I’ve been in prison for sixteen years. In this human warehouse, unless we take initiative to educate ourselves, we remain as foolish as we were on our first day behind bars.

My English is far from perfect, but I wouldn’t know half of what I know if I hadn’t started reading your magazine. My wish is that one day I may write well enough to be in its pages.

Victor Becerra Soledad, California

The Sun is a great magazine. Not many publications take notice of the little guy, especially inmates; yet The Sun does. I thank you for seeing all people as people.

Johnny Mahaffey Columbia, South Carolina

I’d finally had enough: Sparrow’s goofy journals about talking to trees; another scene from Poe Ballantine’s life (I think I know more about this guy than I do my mother); Sy Safransky’s endless whining, which he plans on compiling into one big whine. I decided to cancel my subscription.

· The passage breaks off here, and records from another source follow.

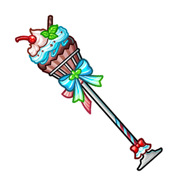 - チョコミントソースがかかったケーキが乗った杖。 戦いの最中にクリームを飛ばさないように注意!
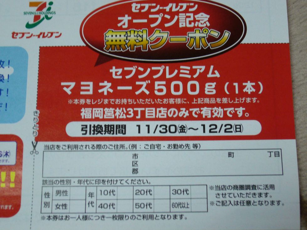 セブンイレブン福岡箱崎店のオープンの時と同じマヨネーズを1本いただきました。
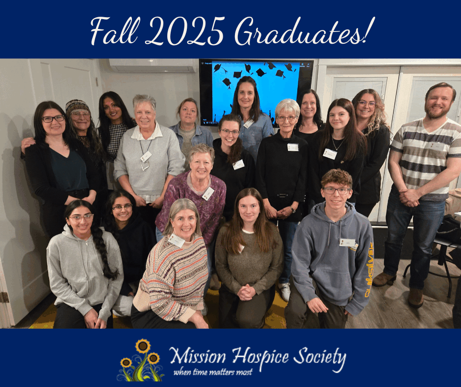 Mission Hospice Society volunteers are compassionate community members who bring their life experience, unique skills, and heartfelt care to every visit. The greatest gift they offer is the gift of time, a calm, patient, and steady presence during life’s most emotional and vulnerable moments.
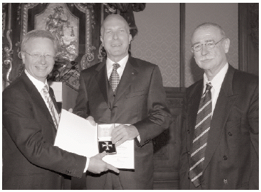 Ehrenkreuzverleihung an Prof. Franz-Leo Popp (Mitte). Es gratulieren Staatssekretär Franz Morak und der Laudator, Dr. Michael Scharang.

But then I strolled into a coffee shop in South Jersey and noticed a group of women (why is it only women?) sitting at a large table, each with a Sun magazine in front of her. “You all read The Sun?” I asked incredulously. Yes, they replied. They even had a monthly meeting to discuss the latest issue. I sat down and joined them. Now every month I get to complain about Sy, wonder if there are any writers out there other than Poe, and maybe laugh at a chirp or two from Sparrow. I finally found my peer group. I’m renewing my subscription.